3. Graduating high school/starting college. An interesting metamorphosis occurred during this time. More than any other time in my life I remember the most profound changes to my personality took place in college. I went from the nerdy outsider to more of a party guy. I reinvented myself. I hated being the outsider and alone so much (I still loath being alone as much as I am). So I was determined to change that now that I was around a whole new group of people.

4. Graduating college. Even though I didn’t commit many of the sins attributed to the college life, I did put God in the backseat of my life during college. Being popular was more important than God at this point of my life. However, I did experience my first “encounter” with the Holy Spirit my last year of college. I felt like I needed to know I was moving out of whatever spiritual protection my parents afforded me and out on my own. I also felt a sense of shame for not having more concern for those God put into my life during my time in college. For the most part I simply went along with whatever everyone else was doing. The only thing is that I maintained certain boundaries.

5. I’ll just state that I had an encounter with the seedier side of life in my mid-20’s. Instead of being repulsed, I found myself strangely and darkly attracted to it. I felt very disturbed and troubled in my spirit. I suppose I could state this was my 2nd memorable “encounter” with the Holy Spirit. I promised myself and God I would never imbibe in this again.

6. Late 20’s. What propelled me to popularity in college? How I acted when I got drunk. No inhabitations, crazy, lampshade on the head guy. Well it worked in college so why not the professional world? Well it did work. I gained instant respect and admiration from my work colleagues after I got drunk and funny crazy after they took me to this pizza fest thing.

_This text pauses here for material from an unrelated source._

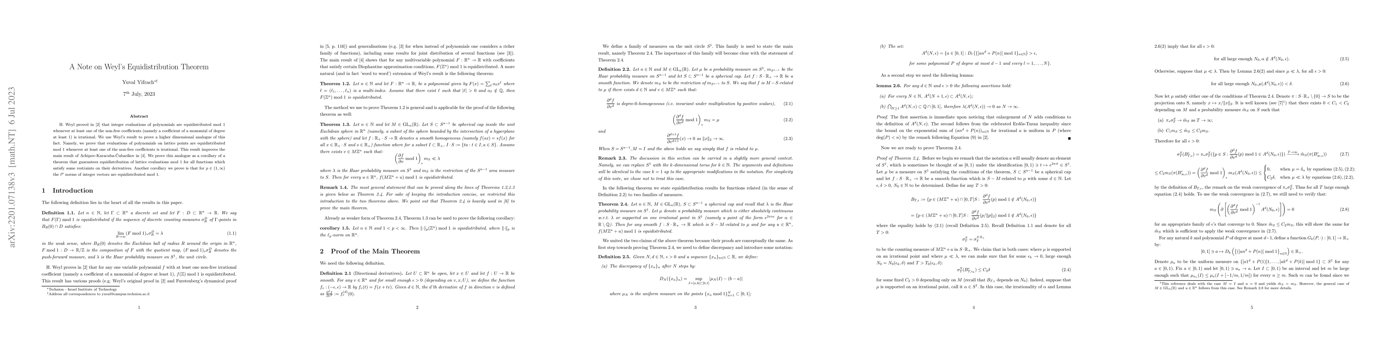Summary: Weyl's theorem on equidistribution of integer evaluations of polynomials is extended to higher dimensions, proving that lattice points evaluated by such polynomials are equidistributed mod 1 when at least one coefficient is irrational. This strengthens a related result and also shows equidistribution of $\ell^p$ norms of integer vectors mod 1 for $p\in(1,\infty)$.
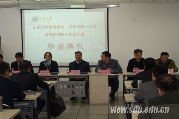 [本站讯]4月8日,由管理学院和山东电建一公司联合举办的管理干部培训班结业典礼在中心校区知新楼举行。山东电建一公司总经理王守民,管理学院院长杨蕙馨、党委书记吉小青及全体培训师生出席了活动。

My 3rd “encounter” with the Holy Spirit. I feel like God distinctly told me I could never get drunk again and that I had to apologize to every one of my coworkers who saw how I had acted. Even though they admired me I was to humble myself before them. God will not be mocked.

7. My dad passing away. This hit me in ways I never thought it would. Something changed inside me again. The legacy he left. The stories my mother told me about my dad. TV always depicts these horrible truths which come out after someone dies. However, with my dad it was these amazing stories of faith and love. I started to wonder about my legacy. What impact would I have on the kingdom?

8. August 2010. Jesus releases me from a long time bondage. Didn’t happen until I humbled myself. All these years and it took the simple act of humbleness to open the door for freedom and healing.

9. I’m hoping and praying this is a release from the wickedness of an independent spirit.

1 comment:

Anonymous said...

I searched the web to read more about David and Psalms and came across your blog! Nice to meet you and thanks for sharing your thoughts. I'm in the same boat in many ways, but seeking God and faithful He will complete the work he has begun! Stay encouraged.